◆ Task brief:
Where the listing below reaches the line containing "Ormörn vid Tembidalen.", start writing out lines exactly, and stop once the line containing "Förmiddagen ägnades åt" has been written.

◆ Provided information:

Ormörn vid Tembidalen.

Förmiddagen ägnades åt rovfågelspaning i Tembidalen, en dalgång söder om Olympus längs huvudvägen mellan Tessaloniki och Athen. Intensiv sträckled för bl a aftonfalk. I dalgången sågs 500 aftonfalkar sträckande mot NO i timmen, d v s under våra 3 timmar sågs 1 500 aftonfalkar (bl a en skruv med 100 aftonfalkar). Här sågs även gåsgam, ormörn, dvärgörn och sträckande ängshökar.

---

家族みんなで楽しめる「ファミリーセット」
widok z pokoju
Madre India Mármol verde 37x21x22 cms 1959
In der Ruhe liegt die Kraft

◆ Response area:
Ormörn vid Tembidalen.

Förmiddagen ägnades åt rovfågelspaning i Tembidalen, en dalgång söder om Olympus längs huvudvägen mellan Tessaloniki och Athen. Intensiv sträckled för bl a aftonfalk. I dalgången sågs 500 aftonfalkar sträckande mot NO i timmen, d v s under våra 3 timmar sågs 1 500 aftonfalkar (bl a en skruv med 100 aftonfalkar). Här sågs även gåsgam, ormörn, dvärgörn och sträckande ängshökar.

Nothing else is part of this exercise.